The Decision Diffusion Model

Description

ddModel provides functions for computing the density, distribution, and random generation of the Decision Diffusion model (DDM), a widely used cognitive model for analysing choice and response time data. The package allows model specification, including the ability to fix, constrain, or vary parameters across experimental conditions. While it does not include a built-in optimiser, it supports likelihood evaluation and can be integrated with external tools for parameter estimation. Functions for simulating synthetic datasets aer also provided. This package is intended for researchers modelling speeded decision-making in behavioural and cognitive experiments. For more information, see Voss, Rothermund, and Voss (2004) <doi:10.3758/BF03196893>, Voss and Voss (2007) <doi:10.3758/BF03192967>, and Ratcliff and McKoon (2008) <doi:10.1162/neco.2008.12-06-420>.

Author(s)

Yi-Shin Lin <yishinlin001@gmail.com>

An S4 Class Representing a Decision Diffusion Model

Description

The ddm class represents a complete Decision Diffusion Model (DDM) specification.
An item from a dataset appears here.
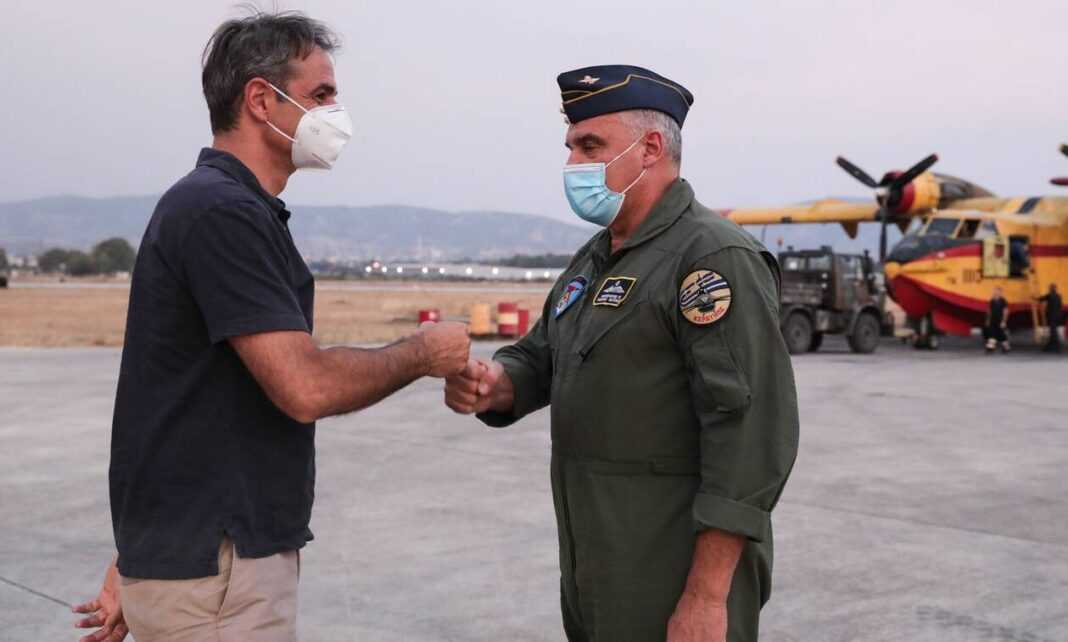 Ο πρωθυπουργός ευχαρίστησε θερμά τους χειριστές για τον αγώνα που δίνουν αδιάκοπα τις τελευταίες ημέρες με τις πυρκαγιές σε όλη τη χώρα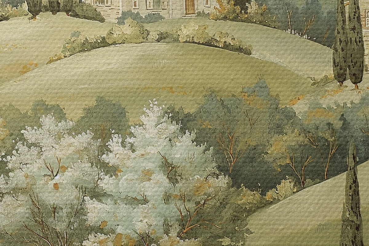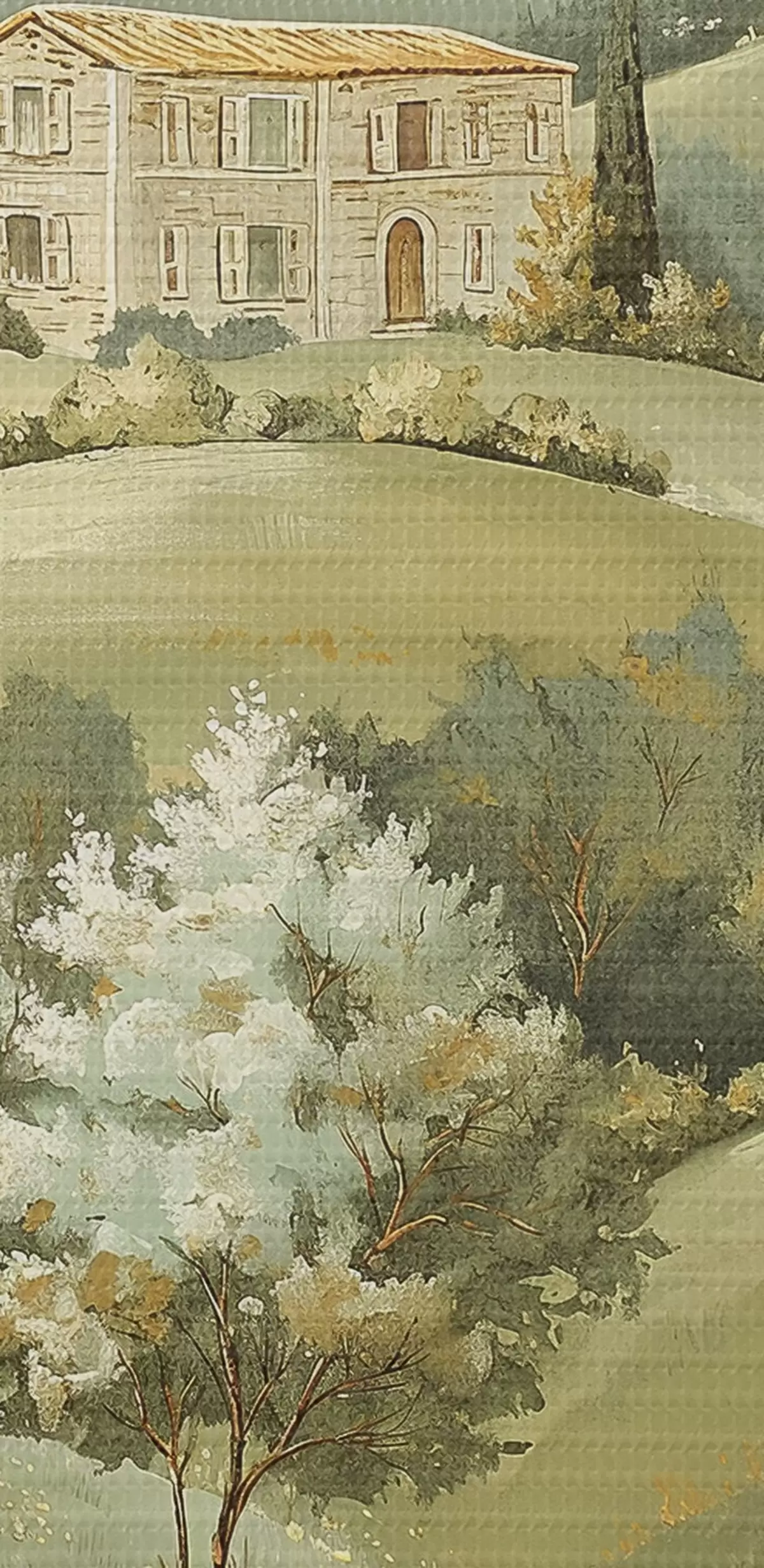 Attēls Ainava ar vintage mājām, pasteļzaļās krāsas, akrila zīmējums, vasara Nr r40078

It encapsulates a model objects from the ggdmcModel package, and optionally a population distribution created via the BuildPrior function from the ggdmcPrior package.

Usage

setDDM(model, population_distribution = NULL)

Arguments

model

A required model object defining the model specification.

population_distribution

Optional A population-level prior distribution, typically constructed with BuildPrior. This argument enables simulations of subject-level parameters. Default is NULL.

Details

The constructor function setDDM creates a ddm object by wrapping the model and optionally a population distribution into a single structure. This class is designed for compatibility with sampling and simulation functions within the ggdmc ecosystem.

Value

An object of S4 class ddm, which includes:

Slots

model

A model object from ggdmcModel package that defines the DDM structure, including parameter names, mapping, and data attributes.

population_distribution

An optional prior distribution, typically created via BuildPrior from the ggdmcPrior package. This slot is primarily used for parameters or hierarchical modelling and can be NULL.

See Also

model-class, BuildPrior

Density, Distribution and Random Generation of the Decision Diffusion Model

Description

A set of functions implementing the Decision Diffusion Model (DDM), providing: probability density (dfastdm), cumulative distribution (pfastdm), and random choices and response times generation (rfastdm).

Usage

dfastdm(rt_r, parameters_r, is_lower = TRUE)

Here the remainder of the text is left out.